China urges U.S. to protect investor interests
STEVE CHIOTAKIS: The Chinese, as David mentioned, are watching this whole thing very, very closely. And China’s Foreign Ministry said today it’s hoping the U.S. will take a responsible attitude to protect investor interests.
Marketplace’s China Bureau Chief Rob Schmitz reports.
ROB SCHMITZ: China’s been buying America for years. It now owns more than ten percent of United States’ outstanding debt, says Stephen Green, an economist with Standard Chartered.
STEPHEN GREEN: So China is clearly not interested in the U.S. defaulting, or getting anywhere near defaulting.
Because that means China, won’t get paid. It’s not just U.S. debt that China is worried about. It’s U.S. growth, too. The Federal Reserve is thinking about buying up government bonds again to pump life into the U.S economy, it’s known as ‘quantitative easing.’

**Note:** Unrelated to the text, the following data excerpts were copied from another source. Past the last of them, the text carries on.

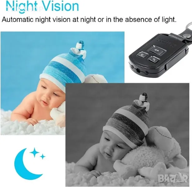 диктофон. Камерата m също е лесен за употреба шпионски аудио рекордер. Неговият уникален дизайн ви позволява да го носите на конференции или преговори всеки ден, така че една-единствена дума да ви убягва.Нашата камера с ключодържател с подобрено откриване на движение, след активиране на този режим, тя ще записва само при откриване на движение, което улеснява спестяването на място за съхранение в сравнение с други мини камери.Функцията за нощно виждане е една от важните характеристики на тази камера за автомобилен ключ, с помощта на инфрачервени светлини, прикрепени към камерата, тя може да записва ясно видео дори през нощта или при условия на слаба светлина.Многофункционална акумулаторна камера. Позволява ви да записвате видеоклипове, докато ги зареждате с променливотоков адаптер или захранване, да правите снимки, когато пожелаете, и тази преносима камера поддържа разширяване на паметта до 32 GB в максимум (не е включена).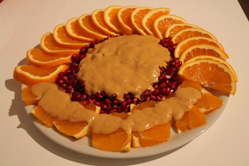 OrangenGranatapfelmahlzeit mit Mandelmandarinendressing
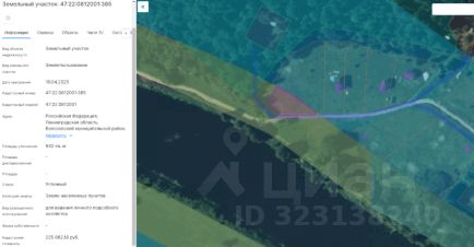 Данные получены с сайта ГИС Торги. Земельный участок с кадастровым номером 47:22:0336002:324, площадью 2000 кв.м.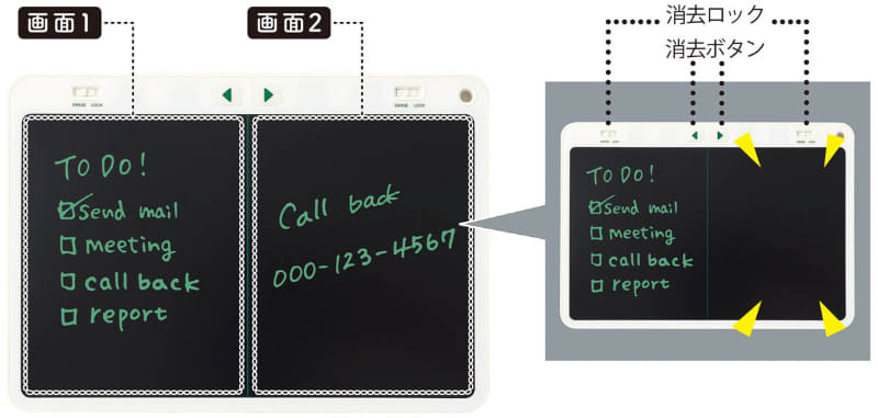 キングジム、2画面分割の新型「ブギーボード」(3/11)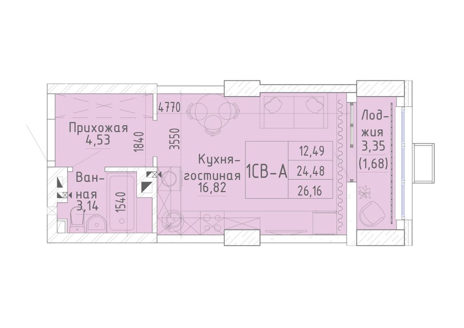 Общая площадь26,39 м²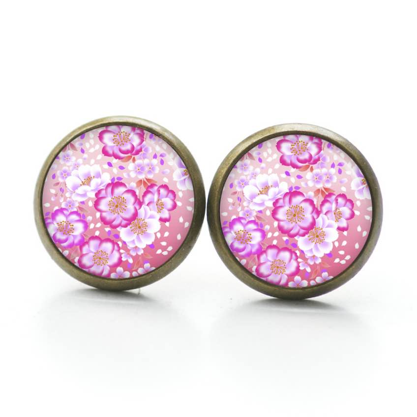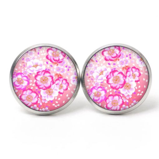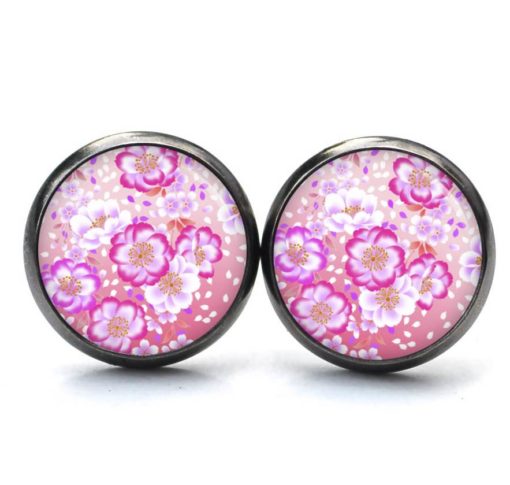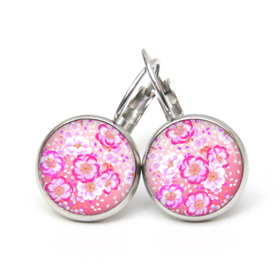 Druckknopf Ohrstecker Ohrhänger Clipse Blumen Meer in pink und rosa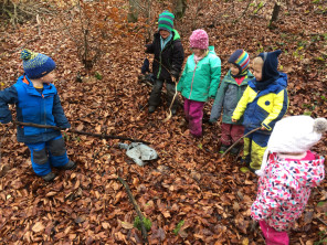 Diese Woche haben wir außerdem noch eine Umgestürzte Kiefer entdeckt, die uns unweit der Räuberhöhle wunderbare Möglichkeiten zum spielen, kletten und balancieren bot. Wir haben geschnitzt, mit Gitarre und Perkussionsinstrumenten musiziert und das wunderbare Pfützenwetter genutzt. Es ist doch herrlich, durch Pfützen zu springen, zu kochen und zu matschen! Zur Sicherheit haben wir dann immer noch einen Ofen, Wechselklamotten und zu Hause gibt es Duschen, Badewannen und Waschmaschinen.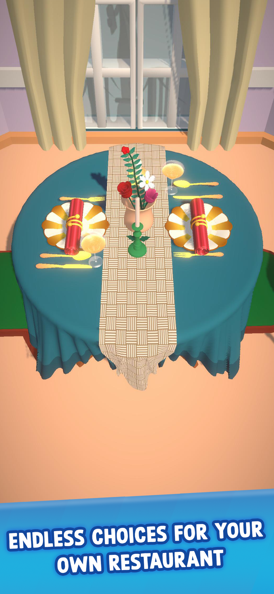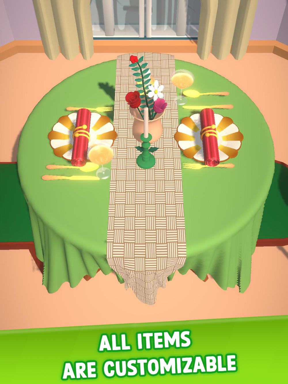 Choose from a rich selection of tables, table cloths and other decorations to create a fancy table for your guests. Each item in this game is customizable in terms of color, shape and texture. Work your creativity to decorate the best for your taste!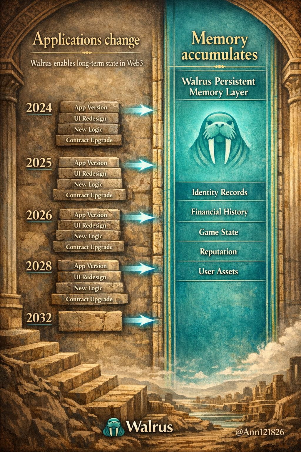 Walrus no solo añade almacenamiento descentralizado. Introduce continuidad técnica entre generaciones de software en un entorno donde todo solía ser descartable. Cuando las aplicaciones dejan de ser contenedores temporales de datos y se convierten en capas intercambiables sobre una base persistente, Web3 empieza a parecerse menos a una sucesión de experimentos frágiles y más a una plataforma donde vale la pena construir durante años.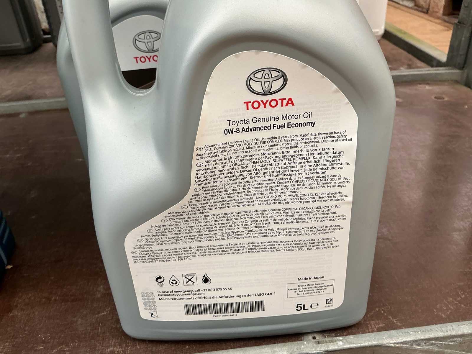 Toyota,inhoud 5 liter 0w8 motor olie (2x)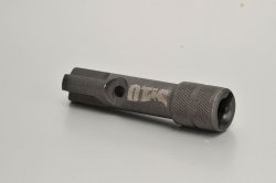 Der Name des Otis B.O.N.E. ist Programm. Das Akronym steht für "Bolt Operational Necessary Equipment", also „Werkzeug, um den Verschluss funktionsfähig zu halten“. Dieser Werkzeug-„Knochen“ ist sehr einfach konstruiert. Aus einem Stück Rundstahl hat es Otis herausgearbeitet. Das B.O.N.E. kann für drei AR-15-Teile verwendet werden: Verschluss, Verschlussträger und Schlagbolzen. Außerdem kann man es als T-förmigen Griff verwenden, um das Otis-Reinigungskabel durch den Lauf zu ziehen.
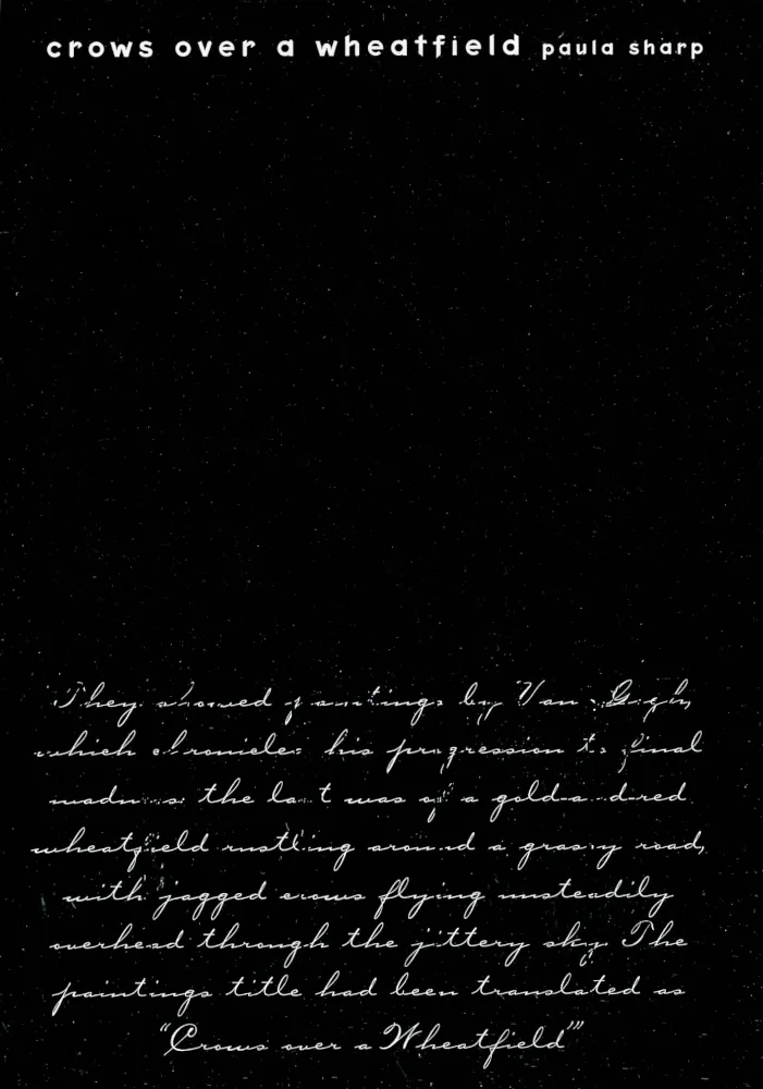 This card features black background artwork accompanied by handwritten script referencing Vincent van Gogh’s painting Crows Over a Wheatfield. This describes the painting as part of a series that documented van Gogh’s final creative period. The layout appears to emphasize a reflective nature of the passage.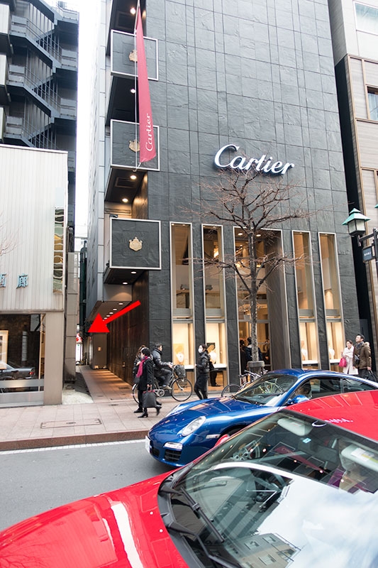 マツキヨ曲がってカルティエの脇に…

A Chinese government economist said that’s a bad idea. It would bring down the value of the dollar, and that would drive up the price of iron ore and other commodities and that would make it more expensive for China to grow. But at the same time, says Green, China’s stuck. Its economy is so tied up in the U.S. economy that it needs the U.S. to keep growing.
GREEN: What does china want? Does it want quantitative easing to end and the economy to slow down? Or does it want growth?
What’s clear is in the coming weeks, Beijing will join millions of Americans in keeping a close eye on what happens on Capitol Hill.
In Shanghai, I’m Rob Schmitz, for Marketplace.